Dataset excerpts:
>>
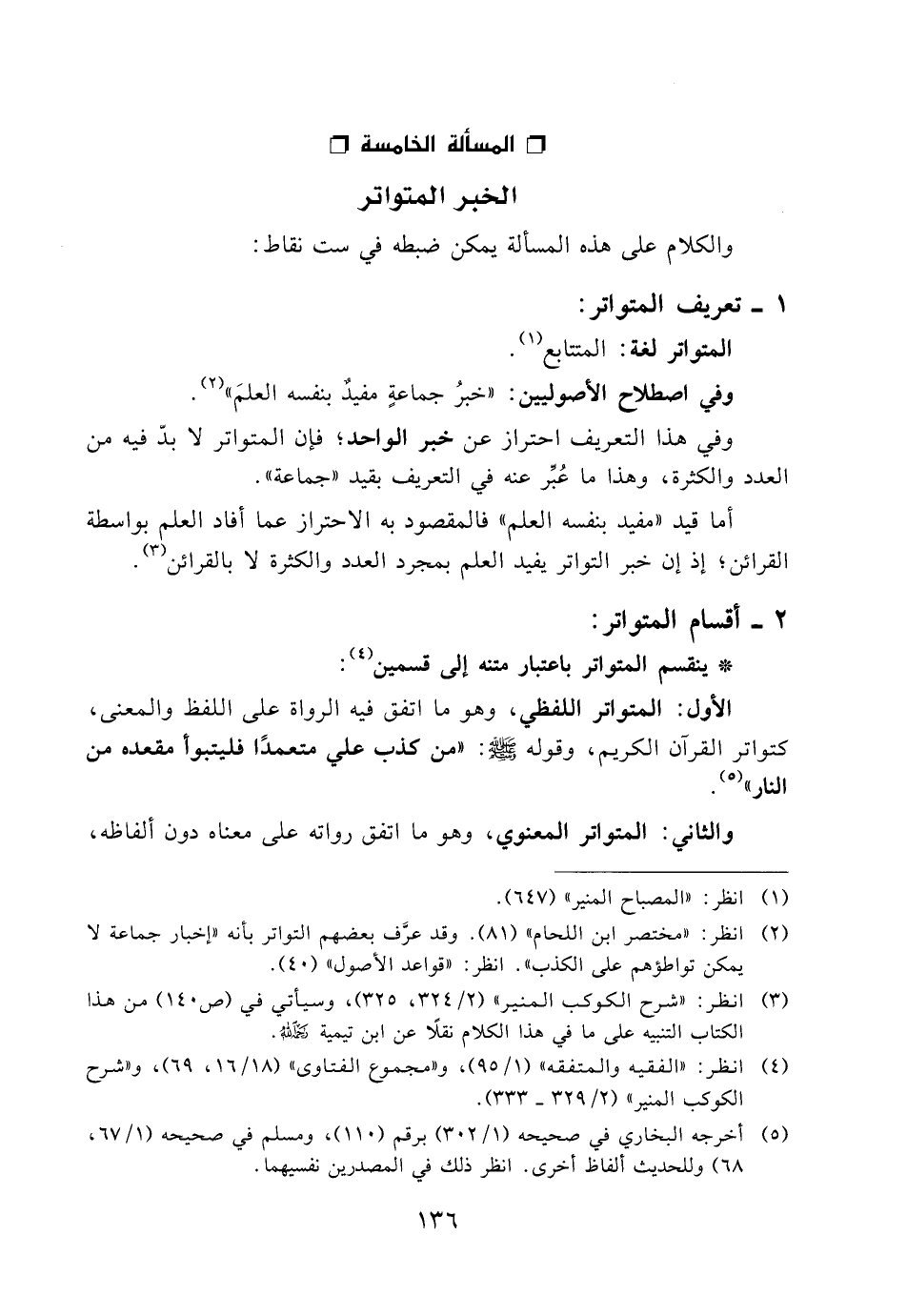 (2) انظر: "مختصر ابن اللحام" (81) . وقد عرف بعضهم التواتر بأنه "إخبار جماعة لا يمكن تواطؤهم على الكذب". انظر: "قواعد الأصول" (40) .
<<
>>
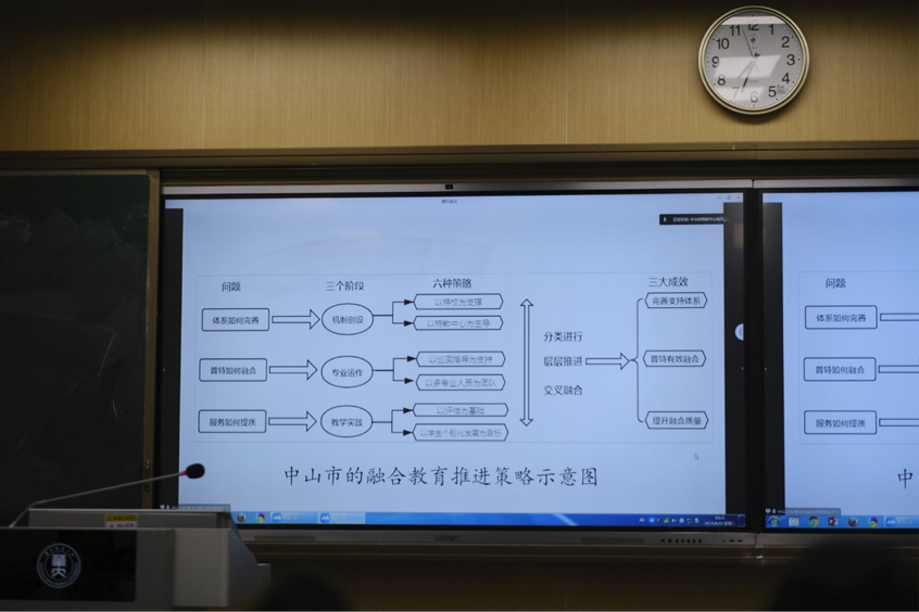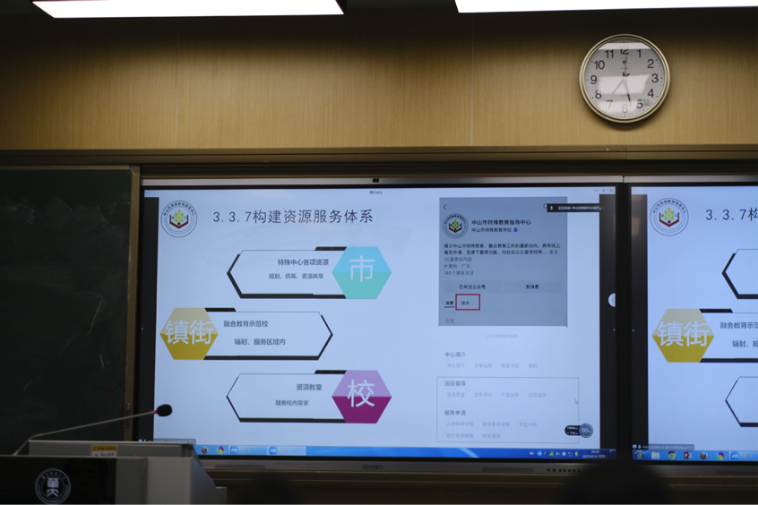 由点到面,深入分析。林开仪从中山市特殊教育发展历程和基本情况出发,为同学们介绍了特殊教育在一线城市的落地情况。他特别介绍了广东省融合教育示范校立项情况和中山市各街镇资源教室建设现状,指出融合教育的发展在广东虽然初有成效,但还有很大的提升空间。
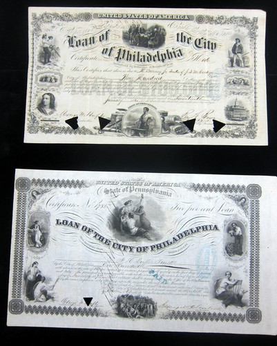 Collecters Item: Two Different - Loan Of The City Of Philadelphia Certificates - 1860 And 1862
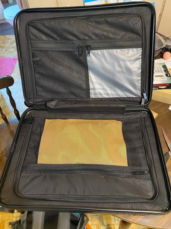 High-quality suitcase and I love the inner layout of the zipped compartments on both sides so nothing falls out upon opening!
<<
What is wanted is an exact copy of the lines above from the one containing "Collecters Item: Two" through the one containing "High-quality suitcase and", with no pictures in it.

 Collecters Item: Two Different - Loan Of The City Of Philadelphia Certificates - 1860 And 1862
 High-quality suitcase and I love the inner layout of the zipped compartments on both sides so nothing falls out upon opening!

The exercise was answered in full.